* [Problem to work on] Range to copy from the entries below: the line containing "1966 Kadit and" through the line containing "Olivet Discourse is", inclusive. Retype only those lines, exactly, without any images.

[Stored data]
*****

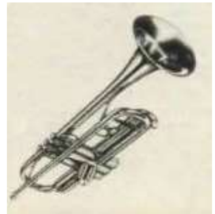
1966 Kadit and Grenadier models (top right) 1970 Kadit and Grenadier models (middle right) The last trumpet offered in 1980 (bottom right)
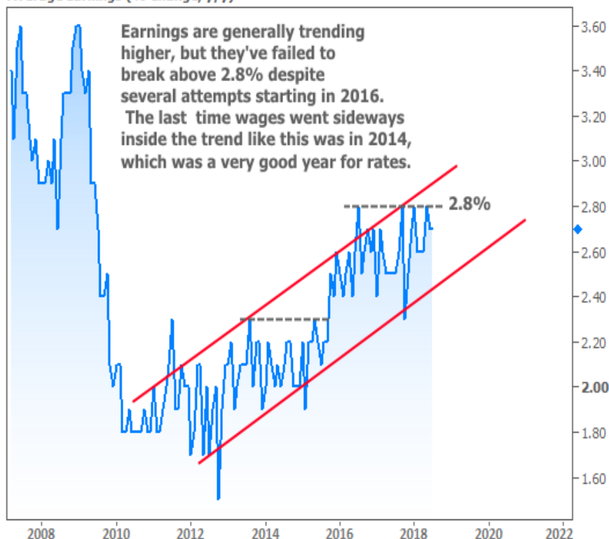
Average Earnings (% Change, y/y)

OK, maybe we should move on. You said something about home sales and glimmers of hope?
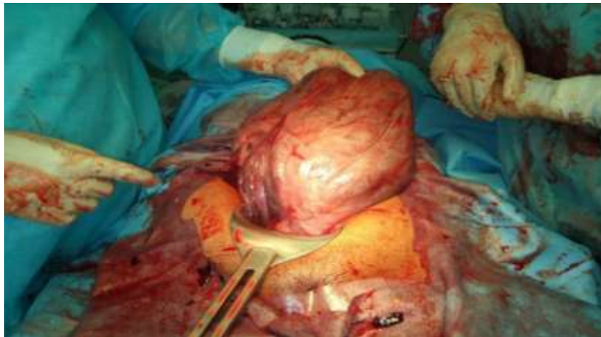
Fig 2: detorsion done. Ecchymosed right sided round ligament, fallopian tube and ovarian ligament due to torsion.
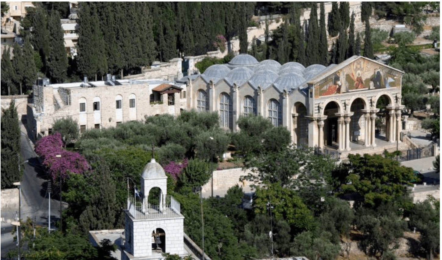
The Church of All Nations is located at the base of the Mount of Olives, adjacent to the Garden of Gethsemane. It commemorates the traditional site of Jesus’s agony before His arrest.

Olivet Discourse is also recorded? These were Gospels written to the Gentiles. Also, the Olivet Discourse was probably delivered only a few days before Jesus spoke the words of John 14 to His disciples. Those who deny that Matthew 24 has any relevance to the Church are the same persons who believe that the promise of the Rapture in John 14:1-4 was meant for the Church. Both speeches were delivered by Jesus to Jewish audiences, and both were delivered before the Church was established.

*****

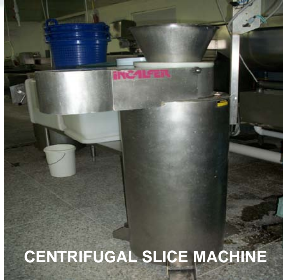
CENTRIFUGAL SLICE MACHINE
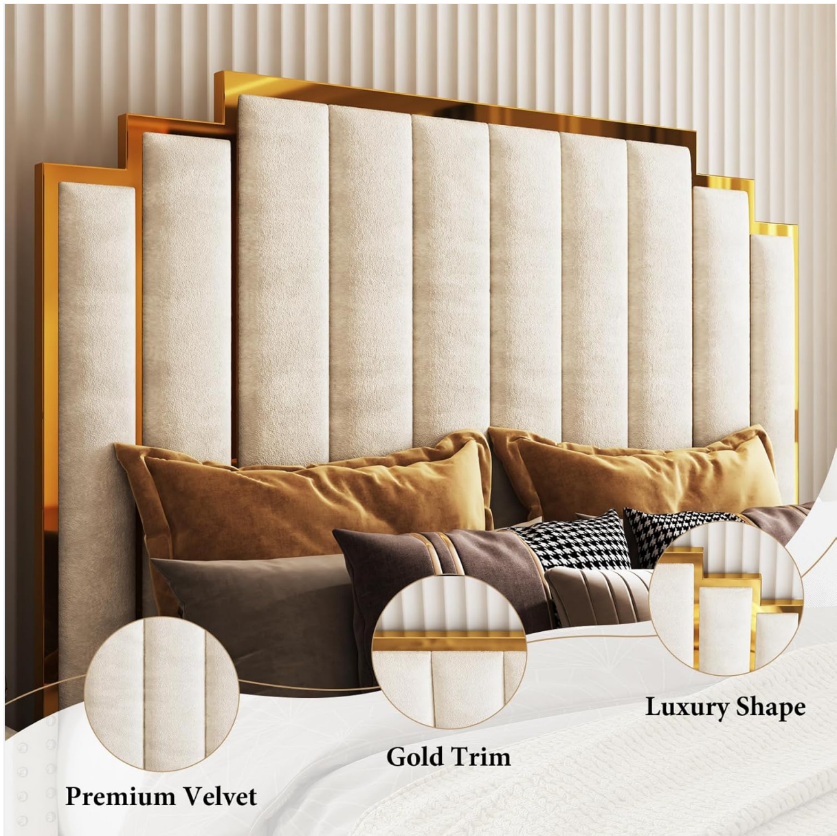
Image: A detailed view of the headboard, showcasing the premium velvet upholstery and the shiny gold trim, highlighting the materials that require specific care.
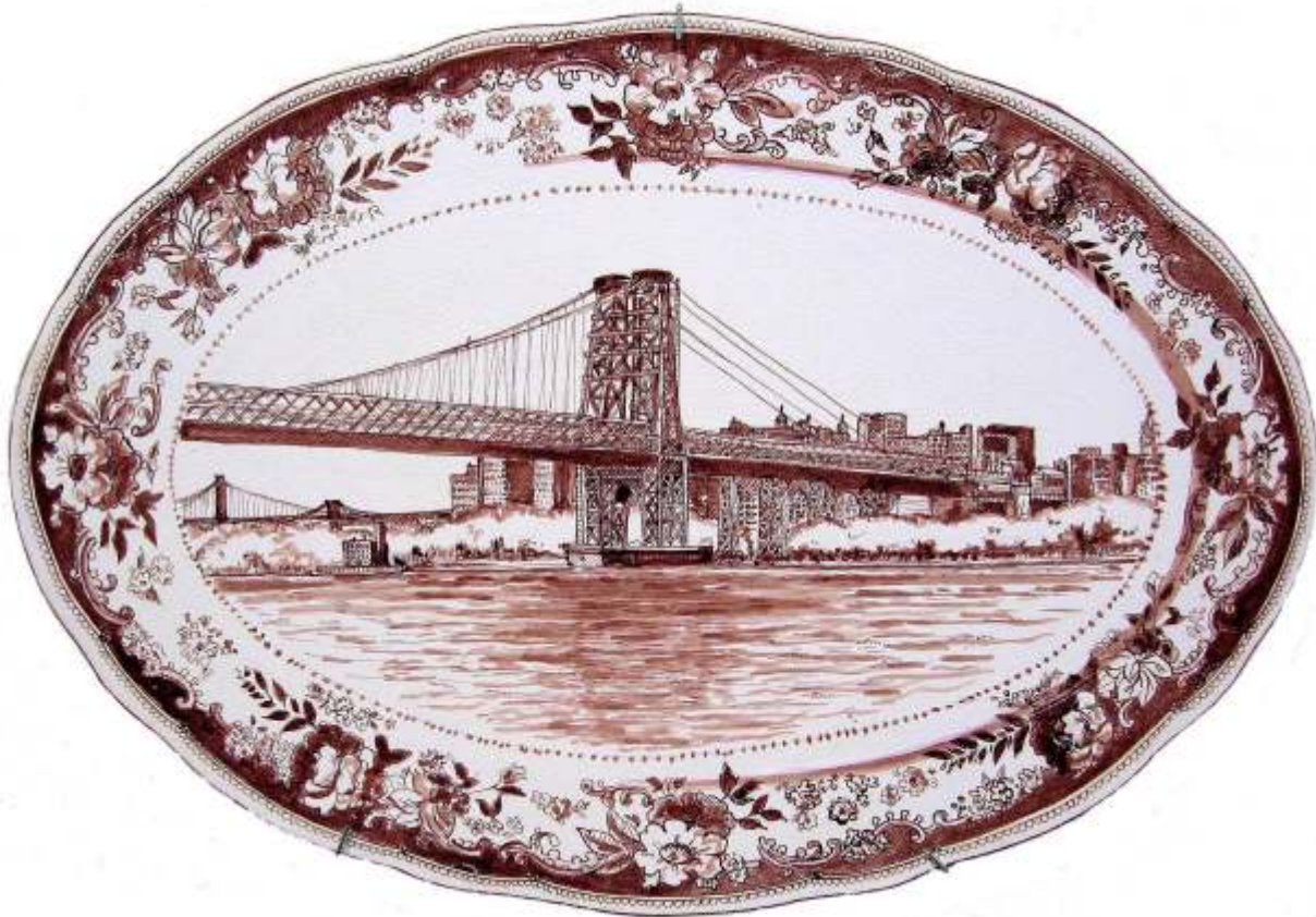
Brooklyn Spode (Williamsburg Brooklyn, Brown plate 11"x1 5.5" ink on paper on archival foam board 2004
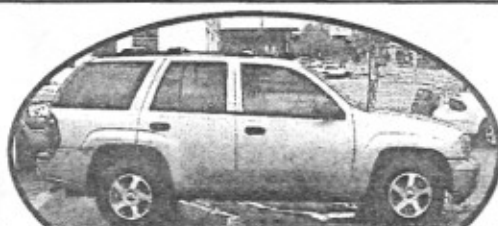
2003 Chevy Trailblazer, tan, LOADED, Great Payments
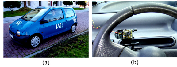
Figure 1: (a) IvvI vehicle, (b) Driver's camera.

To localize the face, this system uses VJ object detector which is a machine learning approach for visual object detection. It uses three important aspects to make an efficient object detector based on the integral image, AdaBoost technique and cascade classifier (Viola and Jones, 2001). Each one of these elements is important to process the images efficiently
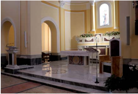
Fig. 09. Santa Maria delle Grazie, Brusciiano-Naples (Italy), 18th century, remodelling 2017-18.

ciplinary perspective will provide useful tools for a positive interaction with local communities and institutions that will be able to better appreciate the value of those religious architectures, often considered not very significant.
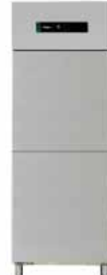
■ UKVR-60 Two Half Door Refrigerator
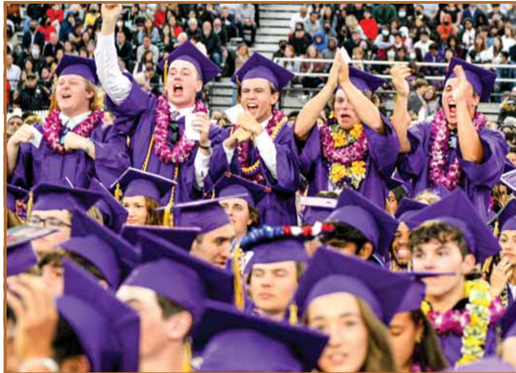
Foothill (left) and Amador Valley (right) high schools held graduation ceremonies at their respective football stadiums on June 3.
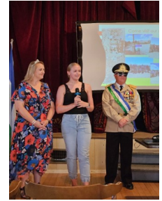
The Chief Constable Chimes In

*****

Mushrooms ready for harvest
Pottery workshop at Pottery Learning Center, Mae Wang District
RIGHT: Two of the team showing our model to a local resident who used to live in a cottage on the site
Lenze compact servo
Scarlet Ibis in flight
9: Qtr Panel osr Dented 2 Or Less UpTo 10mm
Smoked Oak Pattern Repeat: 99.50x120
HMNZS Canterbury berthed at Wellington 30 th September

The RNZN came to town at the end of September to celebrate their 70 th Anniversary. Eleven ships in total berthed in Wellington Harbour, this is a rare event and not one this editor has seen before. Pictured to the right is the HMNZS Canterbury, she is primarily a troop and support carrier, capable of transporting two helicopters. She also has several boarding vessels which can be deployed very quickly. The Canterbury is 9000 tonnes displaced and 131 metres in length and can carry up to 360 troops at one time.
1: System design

*****

* [Written reply]
1966 Kadit and Grenadier models (top right) 1970 Kadit and Grenadier models (middle right) The last trumpet offered in 1980 (bottom right)
Average Earnings (% Change, y/y)

OK, maybe we should move on. You said something about home sales and glimmers of hope?
Fig 2: detorsion done. Ecchymosed right sided round ligament, fallopian tube and ovarian ligament due to torsion.
The Church of All Nations is located at the base of the Mount of Olives, adjacent to the Garden of Gethsemane. It commemorates the traditional site of Jesus’s agony before His arrest.

Olivet Discourse is also recorded? These were Gospels written to the Gentiles. Also, the Olivet Discourse was probably delivered only a few days before Jesus spoke the words of John 14 to His disciples. Those who deny that Matthew 24 has any relevance to the Church are the same persons who believe that the promise of the Rapture in John 14:1-4 was meant for the Church. Both speeches were delivered by Jesus to Jewish audiences, and both were delivered before the Church was established.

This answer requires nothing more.